It's peanut butter jelly time, peanut butter je---err Perkins and Jefferson, Perkins and Jefferson.


----------



## aquaitious (Jun 11, 2002)

Wow, they just bailed RJeff out.


----------



## Premier (Oct 30, 2003)

*Re: Game 38: Celtics (15-23) vs. Nets (21-15)*

What a horrible call.

Pierce didn't even touch RJ.


----------



## aquaitious (Jun 11, 2002)

*Re: Game 38: Celtics (15-23) vs. Nets (21-15)*



Premier said:


> What a horrible call.
> 
> *Pierce didn't even touch RJ.*



Thanks Tommy.

Why can't we hit free throws?


----------



## aquaitious (Jun 11, 2002)

Wow, Vince just _threw_ it up over Perk.


----------



## aquaitious (Jun 11, 2002)

:rofl:

Tommy:

"He looked like a Christmas Tree with all the Nets hanging on him."

Jefferson got quadruple teamed.


----------



## Premier (Oct 30, 2003)

*Re: Game 38: Celtics (15-23) vs.
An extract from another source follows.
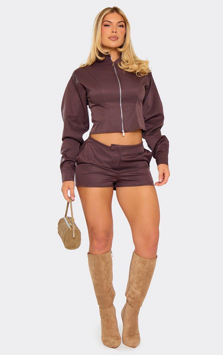 Low Rise Trim Detail Hot Pants In Chocolate Brown
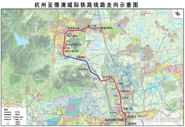 杭德城际铁路全长34.6公里,设站11座,采用地上和地下线相结合的方式,计划工期5年,2026年底完工。线路起于杭州余杭区仁和南站,与杭州地铁10号线同台对接(远期贯通运营),止于德清高铁站。初期采用4节编组A型车,最高运营时速120km/h,全自动驾驶。

Nets (21-15)*

Perkins offensive rebound off the Pierce miss and Kendrick puts it back.


----------



## aquaitious (Jun 11, 2002)

I.Love.Perkins.


----------



## aquaitious (Jun 11, 2002)

I.Love.Jefferson.


----------



## Premier (Oct 30, 2003)

*Re: Game 38: Celtics (15-23) vs. Nets (21-15)*

Nice lob pass from Delonte to Jefferson.

Al hits it and draws the foul. Up four (and possibly five) with less than 1:30 left.


----------



## aquaitious (Jun 11, 2002)

Perkins


----------



## aquaitious (Jun 11, 2002)

Jefferson


----------



## Premier (Oct 30, 2003)

*Re: Game 38: Celtics (15-23) vs. Nets (21-15)*

****.

Jason Kidd hits a three and Paul Pierce fouls him. Kidd misses the free throw.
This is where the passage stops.